Переезжая с одного карибского острова на другой, испанцы, сами того не ведая, распространяли болезни в местах своей стоянки. К 1494 году эпидемия бушевала на всей Эспаньоле и на других островах. «Среди них [индейцев] распространялись такие болезни, смерть и ужас, – писал Бартоломе де Лас Касас, – что умерло без счета отцов, матерей и детей». По его оценке, за два года, с 1494-го до 1496-го, умерло около трети местных жителей.

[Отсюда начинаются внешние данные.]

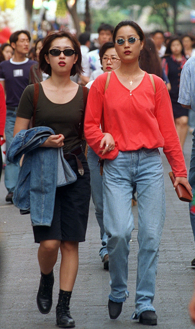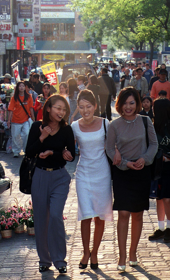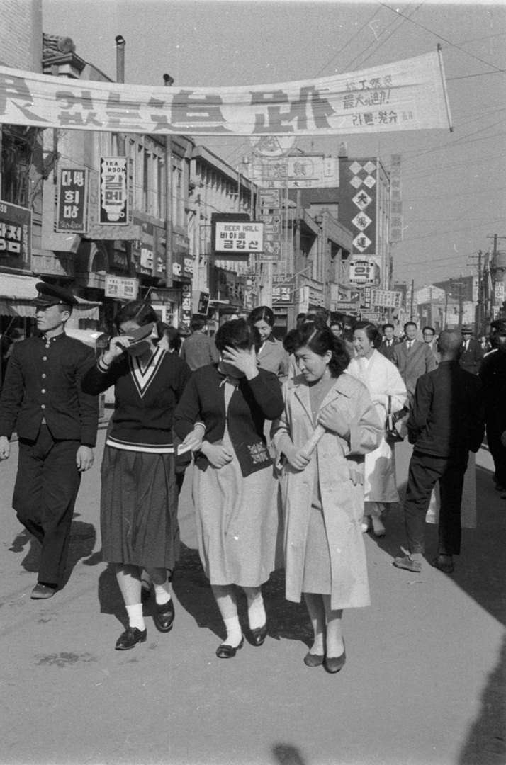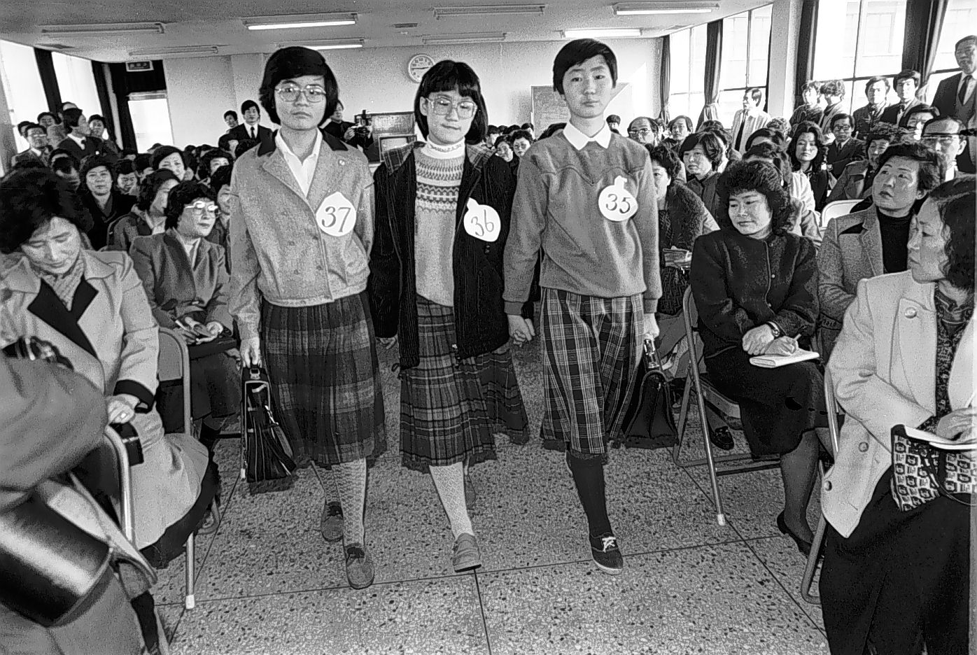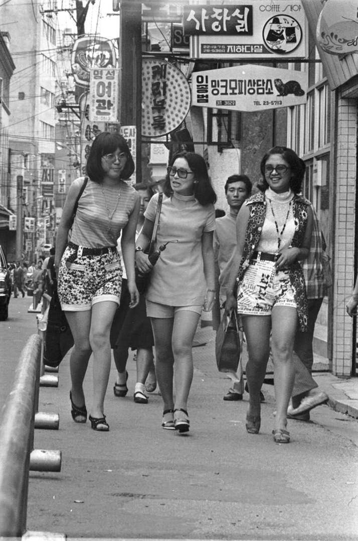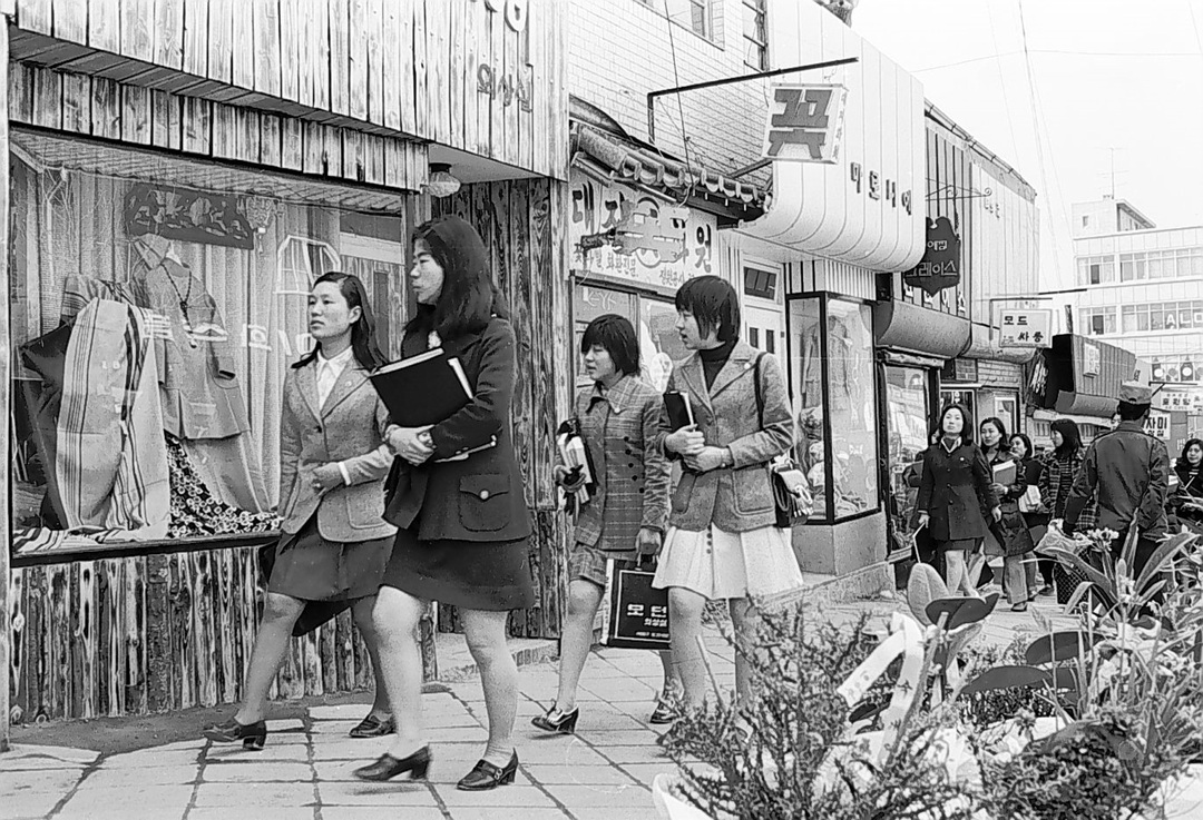 1969년 흰 블라우스와 검정스커트 차림으로 등교하는 이화여대생들.

Об этом свидетельствует статистика изменения численности населения Эспаньолы:
Конечно, не все эти люди умерли от болезней; принудительный труд, голод, жестокость, убийства, порабощение, перемещение тоже внесли немалый вклад в исчезновение таино на Эспаньоле и других карибских народов. Но главным фактором стала привезенная из Европы болезнь, иммунитета к которой у обитателей Нового Света не было. Современные эпидемиологи изучили старинные документы, пытаясь понять, какие болезни поразили индейцев во время этих первых эпидемий. Вероятнее всего, это были грипп, сыпной тиф и дизентерия. К первым болезням прибавились новые, вызвав очередные волны смертей: корь, свинка, тропическая лихорадка, малярия, ветряная оспа, брюшной тиф, чума, дифтерия, коклюш, туберкулез и самая опасная из всех – оспа.

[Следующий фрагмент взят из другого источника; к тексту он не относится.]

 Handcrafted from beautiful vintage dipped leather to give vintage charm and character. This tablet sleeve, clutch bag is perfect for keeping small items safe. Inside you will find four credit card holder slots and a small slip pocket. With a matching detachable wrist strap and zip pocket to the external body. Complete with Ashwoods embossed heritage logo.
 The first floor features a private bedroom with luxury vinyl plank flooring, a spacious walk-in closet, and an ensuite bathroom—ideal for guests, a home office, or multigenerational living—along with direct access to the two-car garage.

Эпидемии распространились и за пределы островов. Лас Касас пишет о «бредне» смерти, который прошел по материку – по Центральной Америке – и «опустошил всю эту область». Торговцы-индейцы, возможно, первыми привезли заразу на материк; не исключено, что люди там начали умирать еще до появления европейцев в 1500 году. Но мы знаем наверняка, что во время своей четвертой экспедиции (1502) Колумб невольно привез болезни на Американский континент.

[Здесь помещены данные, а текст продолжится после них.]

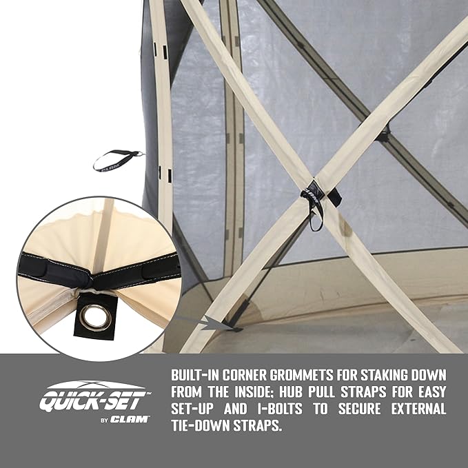 CLAM Pop Up Screen Tent, Outdoor Camping Gazebo Canopy, Escape, 11.5', Tan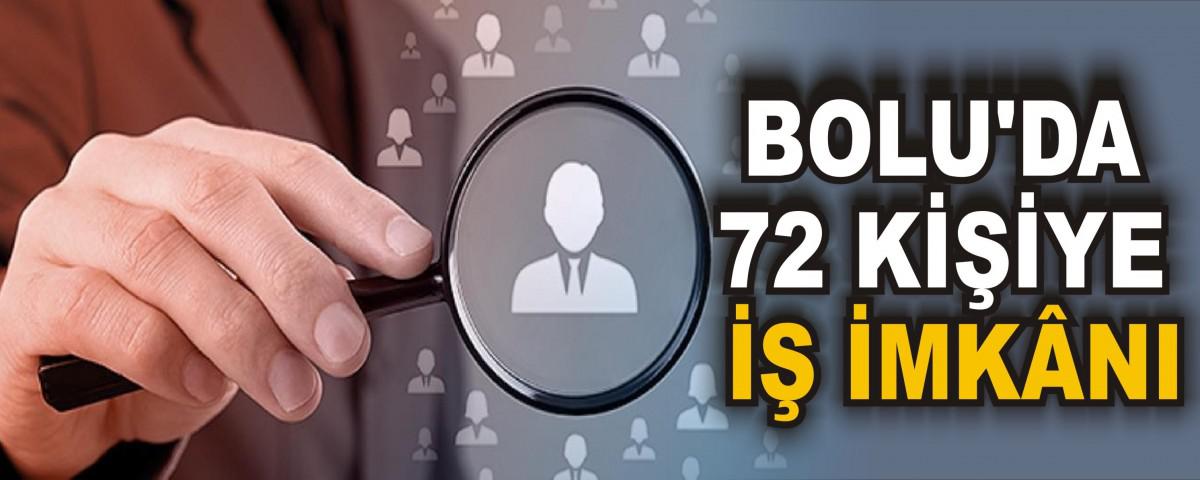 Türkiye İş Kurumu aracılığıyla yayımlanan ilanlara göre Bolu'dan 72 vatandaşa iş imkânı sunulacak. Yayımlanan ilana göre en çok personel ihtiyacı olan bölüm 12 kişi ile beden işçisi olurken 5 şoför yük taşıma elemanı oldu.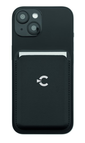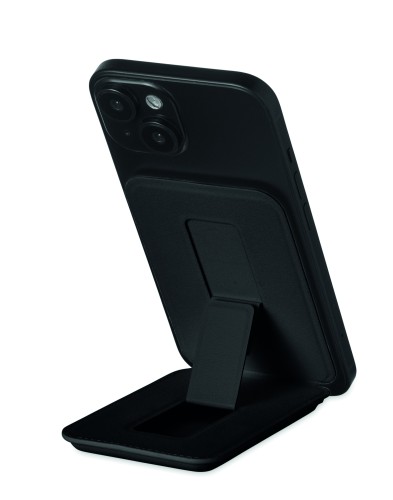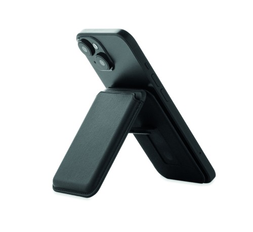 Magnetic PU leather credit card holder (for 3 cards) with stand functionality. It includes an additional metal ring.
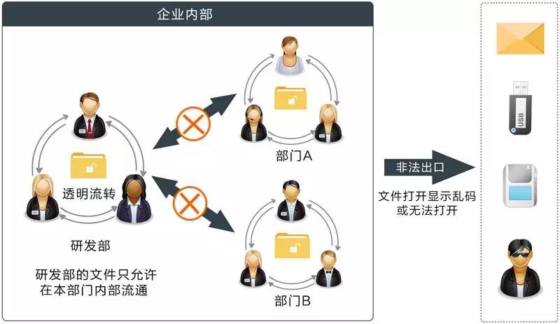奧賽云盾采用驅(qū)動層加密技術(shù),進行文件加密,不改變員工操作習(xí)慣、不改變文件格式、不封閉公司網(wǎng)絡(luò)、不封閉外設(shè)端口,內(nèi)部流通自由正常。 加密文件在未授權(quán)的情況下脫離企業(yè)網(wǎng)絡(luò),文件就無法正常訪問,形成“對外受阻,對內(nèi)無礙”局面!有效保障企業(yè)的數(shù)據(jù)安全。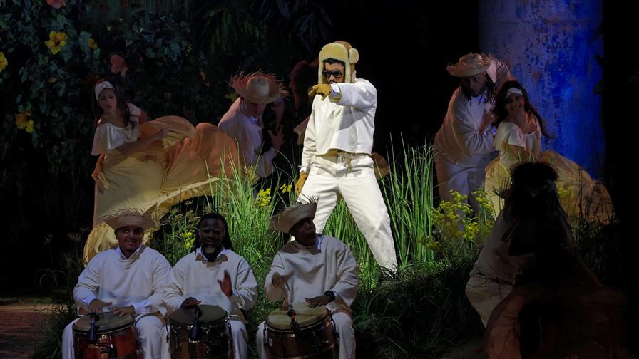 Más adelante, Benito Antonio Martínez Ocasio, conocido mundialmente como Bad Bunny, se trasladó al escenario secundario denominado La casita, una estructura que emula una vivienda tradicional puertorriqueña, ubicada en el centro del Coliseo de San Juan.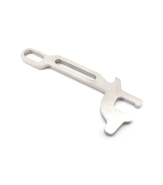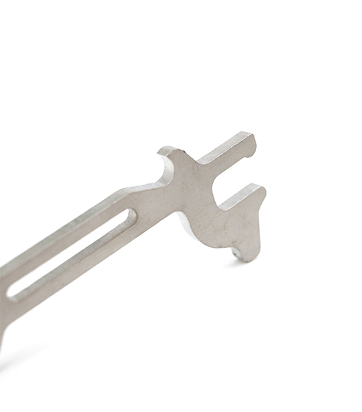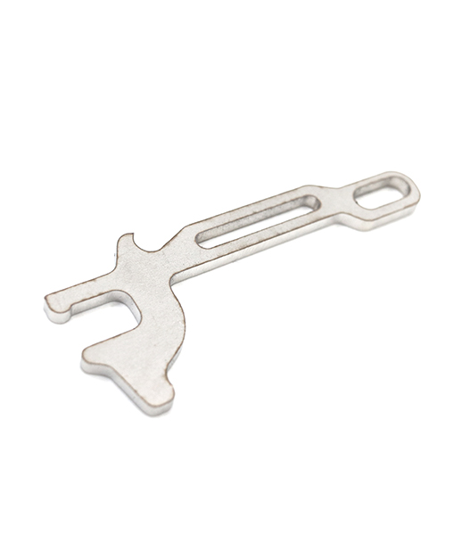 ステンレス材をレーザーカットで精度高く成型し、プレート自体の小型化やライトニングホールで軽量化。ボルトキャリアに掛かる爪の位置は純正と同位置となります。機能面はそのままに、耐久性アップと軽量化を両立したパーツです。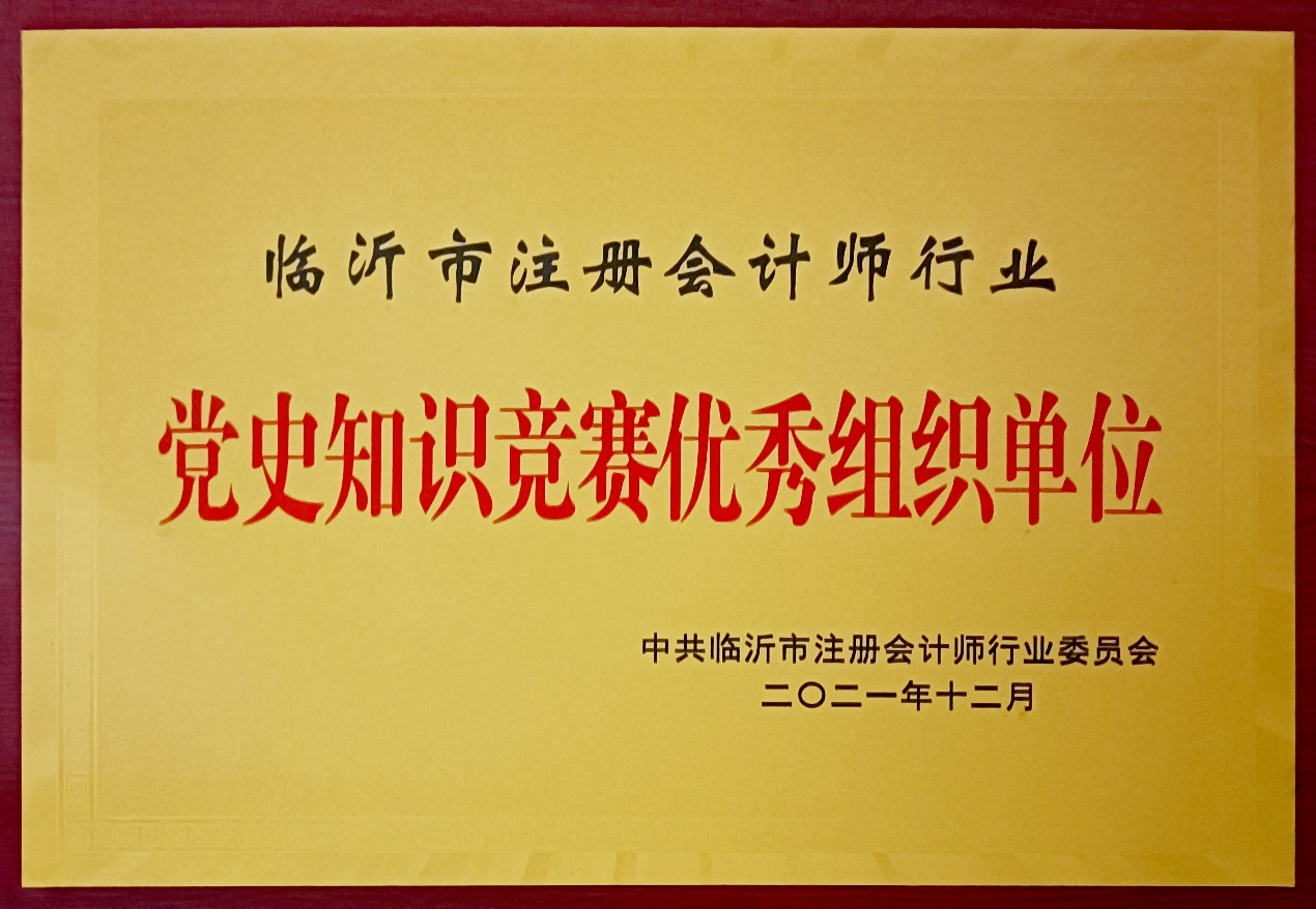 近日,臨沂市注冊(cè)會(huì)計(jì)師行業(yè)黨委表彰了部分行業(yè)黨組織,山東同泰管理咨詢(xún)集團(tuán)黨總支被授予“臨沂市注冊(cè)會(huì)計(jì)師行業(yè)先進(jìn)基層黨組織”和“臨沂市注冊(cè)會(huì)計(jì)師行業(yè)黨史知識(shí)競(jìng)賽優(yōu)秀組織單位”的稱(chēng)號(hào)。

В поисках западного пути к Индии Колумб 30 июля 1502 года достиг островов Ислас-де-ла-Баия. Проведя несколько недель на островах, он направился на материк, в Центральную Америку, став первым европейцем, который ступил на Американский континент. Он встал на якорь в гавани неподалеку от сегодняшнего Трухильо и назвал новую землю Гондурас (Глубины) из-за большой глубины моря близ берега. Высадившись на материке 14 августа 1502 года, испанцы отслужили мессу, и Колумб объявил эту землю собственностью Изабеллы и Фердинанда, правителей Испании.
Встретив дружелюбных индейцев, Колумб, который опять заболел (неизвестно, чем именно), отправился дальше на юг со своими людьми, среди которых было немало больных. Он проплыл вдоль побережья Гондураса, Никарагуа и Панамы, часто останавливаясь по пути. Болезни распространялись от этих точечных контактов, как очаговые пожары в лесу, опустошая внутренние территории задолго до прихода туда европейцев. Мы не знаем, сколько людей умерло от этих первых эпидемий; выжившие индейцы не оставили никаких сообщений, а европейских историков там не было.
Но настоящий апокалипсис еще только предстоял. Оспа пришла позднее. Лас Касас писал, что «ее принес кто-то из Кастилии»: болезнь появилась на Эспаньоле в декабре 1518 года. К концу 1519 года «от громадного числа жителей острова, а что их число громадно, мы видели собственными глазами, – писал Лас Касас, – осталась только тысяча». В январе оспа распространилась на Пуэрто-Рико, а оттуда – по всем Карибам, с которых перекинулась на континент. К сентябрю 1519 года она добралась до долины Мехико.
Традиционные индейские лечебные средства от болезней – обильное потоотделение, холодные ванны и целебные травы – от оспы не помогали. В Европе в разгар эпидемии умирало около трети заболевших; в Америках смертность превышала 50 процентов, а во многих случаях достигала 90–95 процентов.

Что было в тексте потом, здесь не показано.